Le prêt à intérêt est interdit par la Torah, mais notre michna vient inclure aussi celui qui transgresse une forme d'intérêt dont l'interdiction n'est que rabbinique. La Guemara dans le traité Baba Metsia en discute : quel est cet intérêt, et quelle perception d'intérêt est interdite par décret rabbinique.

"Mafri'héi yonim" - ceux qui font voler des pigeons :

Deux explications ont été données pour définir cette disqualification :

  1. Il s'agit de celui qui fait courir des pigeons en compétition, et dont l'enjeu est le pari. Cette disqualification entre dans la même catégorie que "celui qui joue aux dés" : un oisif qui ne participe pas à l'édification du monde.

  2. Il ne s'agit pas de faire courir des pigeons en compétition, mais de celui qui possède des pigeons dressés pour attirer d'autres pigeons de leurs propriétaires. Ce vol n'est que rabbinique, car une personne n'est pas considérée par la Torah comme propriétaire à part entière des pigeons de son pigeonnier ; ils circulent seulement chez elle et ne sont pas sa véritable propriété, si bien que les prendre constitue un vol par décret rabbinique.

"Vessoraéi chevi'it" - ceux qui font commerce des produits de la Chemita :

À première vue, cette interdiction relève de la Torah, comme il est dit : "vehaïta chabbat haaretz la'hem leo'hla" - le repos de la terre vous sera pour nourriture : pour être mangée et non pour en faire commerce. Toutefois on peut situer notre michna de plusieurs manières dans lesquelles la disqualification n'est que rabbinique :

  1. Concernant la Chemita à notre époque, dont l'obligation ne relève pas de la Torah mais d'un décret rabbinique.

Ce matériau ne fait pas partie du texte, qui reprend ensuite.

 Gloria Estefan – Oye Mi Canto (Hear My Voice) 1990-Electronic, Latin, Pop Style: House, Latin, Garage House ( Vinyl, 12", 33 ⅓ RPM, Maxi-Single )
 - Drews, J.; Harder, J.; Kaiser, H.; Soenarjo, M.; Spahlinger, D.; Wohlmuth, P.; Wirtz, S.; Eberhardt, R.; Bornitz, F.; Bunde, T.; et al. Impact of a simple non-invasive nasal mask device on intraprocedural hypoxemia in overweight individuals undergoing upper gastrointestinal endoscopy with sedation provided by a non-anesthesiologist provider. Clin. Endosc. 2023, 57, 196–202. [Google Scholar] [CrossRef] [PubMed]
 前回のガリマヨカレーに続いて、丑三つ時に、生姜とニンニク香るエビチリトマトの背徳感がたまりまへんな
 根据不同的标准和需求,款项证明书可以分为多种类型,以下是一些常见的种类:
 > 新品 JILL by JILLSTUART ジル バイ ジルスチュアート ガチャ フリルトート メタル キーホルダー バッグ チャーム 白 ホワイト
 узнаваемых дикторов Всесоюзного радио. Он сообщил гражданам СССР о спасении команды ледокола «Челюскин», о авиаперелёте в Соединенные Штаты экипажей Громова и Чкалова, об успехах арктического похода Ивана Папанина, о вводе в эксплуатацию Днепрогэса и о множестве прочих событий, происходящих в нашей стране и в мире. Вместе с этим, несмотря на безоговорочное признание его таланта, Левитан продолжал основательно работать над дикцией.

  2. Concernant des gens qui ignorent totalement que la chose est interdite par la Torah.

  3. Concernant des gens dont on ne sait pas avec certitude qu'ils ont fait commerce de produits de la Chemita, mais qui font seulement l'objet d'un soupçon.

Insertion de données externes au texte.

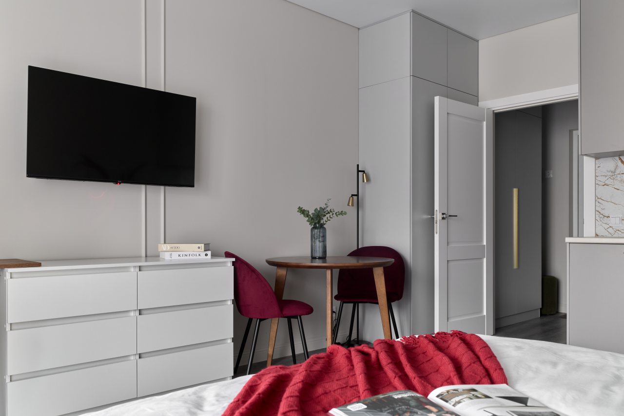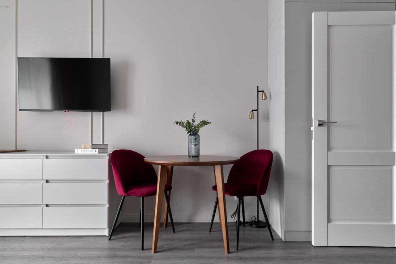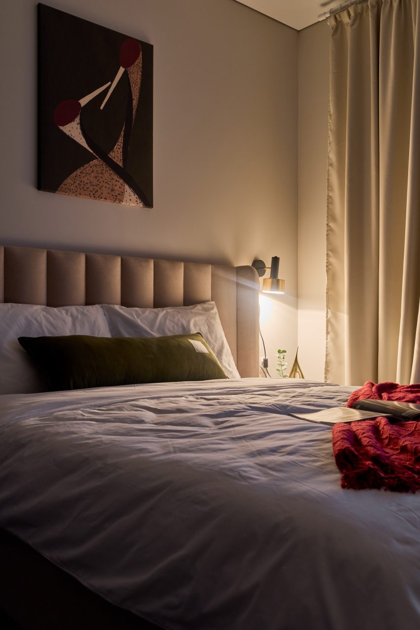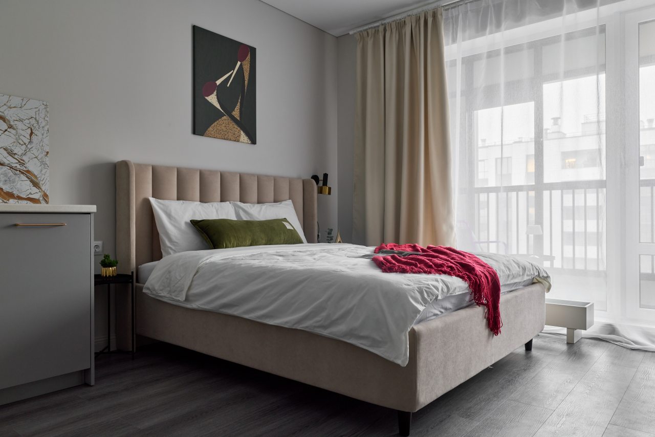 Апартаменты с современным ремонтом оснащены удобной двуспальной кроватью, розетками возле спального места, письменным столом, комодом, ЖК-телевизором, wi-fi, балконом с видом на внутренний двор и др. Санузел оборудован комплектом качественной сантехники и стиральной машиной.

"Nachim va'avadim" - les femmes et les esclaves :

L'esclave mentionné ici est un esclave cananéen, un esclave non juif, tenu aux mitsvot dans la même mesure qu'une femme y est tenue et exempté des mitsvot positives liées au temps. Toutefois la disqualification des femmes et des esclaves pour le témoignage ne relève pas d'un décret rabbinique comme les autres disqualifications énumérées ici, mais d'une loi de la Torah : ils sont disqualifiés par la Torah elle-même.

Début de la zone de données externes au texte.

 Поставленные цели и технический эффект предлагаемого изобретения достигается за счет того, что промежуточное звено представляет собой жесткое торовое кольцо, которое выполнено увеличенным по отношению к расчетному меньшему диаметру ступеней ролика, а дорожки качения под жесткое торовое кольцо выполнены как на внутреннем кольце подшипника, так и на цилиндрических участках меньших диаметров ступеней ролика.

La règle générale à la fin de la michna :

La michna conclut : "Zé haklal : kol édout chééin haicha kechéra la, af hén éinan kechérin la" - voici la règle : tout témoignage pour lequel la femme n'est pas apte, eux non plus n'y sont pas aptes. Tous ces disqualifiés qu'a énumérés notre michna ne sont pas aptes pour les témoignages auxquels une femme est inapte. Mais un témoignage pour lequel la femme est apte, comme une femme témoignant pour une autre que son mari est décédé, afin qu'elle puisse se remarier, eux aussi y sont dignes de foi, et l'on peut se fier à eux dans ces types de témoignage.

En résumé : dans cette michna nous avons énuméré les personnes disqualifiées pour le témoignage sur le mois : celui qui joue aux dés, celui qui prête à intérêt, ceux qui font voler des pigeons et ceux qui font commerce des produits de la Chemita, dont la disqualification est rabbinique, au motif qu'ils ne participent pas à l'édification du monde ou au motif de vol rabbinique ; et les femmes et les esclaves, dont la disqualification relève de la Torah. Et la michna nous a fixé une règle : tout témoignage pour lequel la femme n'est pas apte, eux non plus n'y sont pas aptes, et pour un témoignage auquel une femme est apte, eux aussi sont aptes et dignes de foi.